一陣抑揚頓挫的吟誦之聲從東廂的主室里傳了出來,清清晰晰地回蕩在靜謐的夜空之中。
站在院壩當中的“馬儀”——也就是司馬懿,聽得十分清楚,這正是父親司馬防在朗誦他最欣賞的《漢書》。司馬懿化名為“馬儀”并繞了一個圈子,從遠離溫縣的荷芝縣涉足仕途是大有深意的:他的大哥司馬朗在三年多前帶著兩萬塢丁投入了司空曹操的麾下,被曹操視為心腹、任為主簿,如今也是許都朝廷里手握實權的樞機要員了;盡管如此,司馬懿仍是不屑于依恃自家門戶背景和大哥的關系入仕為官,他想憑著自己的真才實干,扎扎實實地闖出一條康莊大道來。還有,隱去了自己的姓名與家世,他便可以和普通人士一般,直接接觸并觀察到宦場實情,為自己積累寶貴的從政經驗。《孟子》有云:“源泉混混,不舍晝夜,盈科而后進,放乎四海。有本者如是,是之取爾。茍為無本,七八月之間雨集,溝澮皆盈;其涸也,可立而待也。”對這一銘訓,司馬懿是一直奉為圭臬的。

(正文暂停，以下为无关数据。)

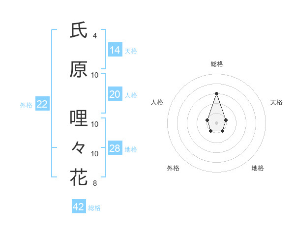 氏原 哩々花さんを姓名の画数から五運を鑑定

聽完了司馬防的吟誦,司馬懿剛欲舉步緩緩離去,卻聽得吱呀一響,東廂主室的扉門忽然開了——司馬防站在那里,左手握著一卷《漢書》竹簡,右手遠遠地向他招了招手!
進了室內,司馬防在一張黃楊木書幾后面坐了下來,頭也不抬,一邊翻看著手中的書簡,一邊淡淡地問道:“聽說今天袁氏兄弟又邀請你們府衙里的人在四海樓里聚宴了?”
“是的。袁氏兄弟搬出杜郡丞出面邀請,魏太守也不能不給他們幾分面子。——所以,咱們府衙上下所有僚屬們都沒法拒絕啊。”司馬懿垂手答道,“孩兒本來也不愿意赴此無聊之宴的,只是怕萬一拒絕了,反而有損與同僚的關系,落下一個不太合群的名聲也不太好。”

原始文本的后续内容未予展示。